Wow, I don't even know where to begin. This has been a crazy, emotional roller coaster over the last 48 hours. The earthquake in Haiti has shook up my whole family. We just sat in shock that first evening - waiting for news from our friends - American and Haitian. Wednesday morning, my dad announces that he is raising money and supplies and is leaving Monday. I am texting with Rick and I tell him about my dad. Rick asks if I am going with my dad. He didn't ask if I was thinking about going, just am I going? I had not voiced that I had been thinking about going and wondering what can I do to help my people. Kinda freaky - totally a God thing.
Since that point - I have said 'Yes I am going!' and then wavered and said 'no, maybe I will wait and go later'. I want to go and and I truly believe that God planted the idea in my head. But I am over-thinking the situation and letting Satan throw things at me. The finances have been totally covered for my dad and I to go. So that is no longer a worry. But I just wonder if my first language will come back to me as fast as I want and need it to. I keep praying that God will just unblock my mind and that I can start speaking creole again. So far it hasn't happened.
Lots of scenarios have been discussed - including Rick going down with us next week and Sarah and Joe come in a few weeks - to just Sarah, my dad and I going now and the guys coming later - back to just my dad and me. We have not booked our tickets yet - we are waiting on word about us going over with an organization (not sure who)and will be finalizing something by tomorrow and hopefully by then we will know who is going and who is coming later.
Last February, Rick and I attended the Campus ministry conference in Gatlinburg. The speaker talked on the book of Job. (I also think that I posted a video on my very first post from that weekend) The main point of the whole weekend was asking God to break you - but don't ask if you are not ready for what God is going to do. I took that message to heart and really prayed and thought about where I am in my Christian walk with God and I eventually did pray 'God, use me, break me, I want to become wholly yours'.
Nothing happened right away and I have honestly forgot that prayer. Until yesterday.
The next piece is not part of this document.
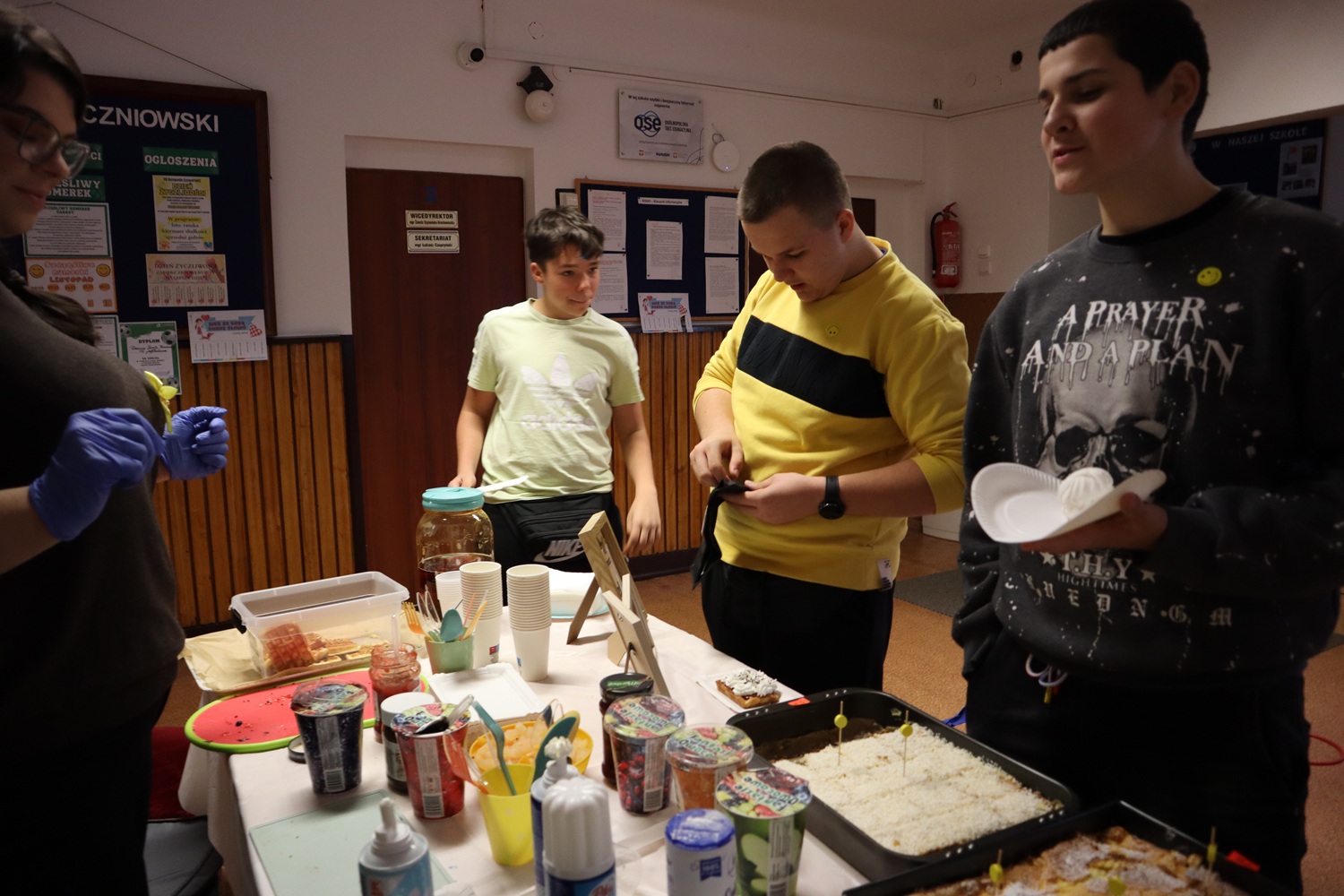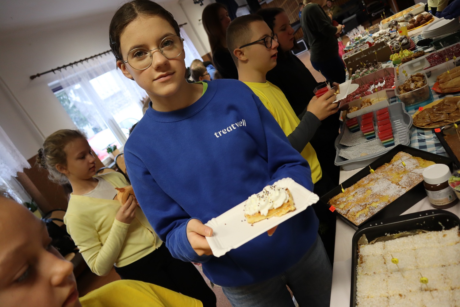 Sprzedażą słodkości zajmowały się uczennice z Samorządu Uczniowskiego, które z uśmiechem obsługiwały gości i dbały o przyjazną atmosferę. Całkowity dochód

Every time I would think about not going, the phrase 'break me Lord, break me for You' kept popping into my mind. I prayed for the Lord to use me and now I have the perfect opportunity to step out of my comfort zone and completely rely on God. And I am scared to death and just want to take back my prayer and tell God to get someone else.
Another phrase keeps coming back to me 'for such a time as this . . . ' I have often wondered and questioned God about why did I live in Haiti for 12 years and then just end up living in Charleston WV living the American way of life. Why did God let my family go through all that pain just to end up back in the USA? I think that maybe I have my answer - for a time such as this. I have the resources of knowing the language and being familiar with the culture and people. This is my time to use what I have to live for God the way that He has prepared me.
My stomach has been all queasy, and I haven't been eating much. All of my stressing out and over-thinking has given me a constant headache for the past 3 days. I am ready to just go - start helping and quit thinking - just do.
I truly believe that God is working in my life right now. I am excited to go back to my home country. I am also scared out of my mind.
Pray for me.
You and your family will be in my prayers my friend, with the rest of Haiti! I know how crippling fear can be; I will be praying for you to overcome it! This is such a great opportunity you have been given, and I applaud your willingness to listen to God's voice and obey. Keep us updated as you can. Love you my friend so much!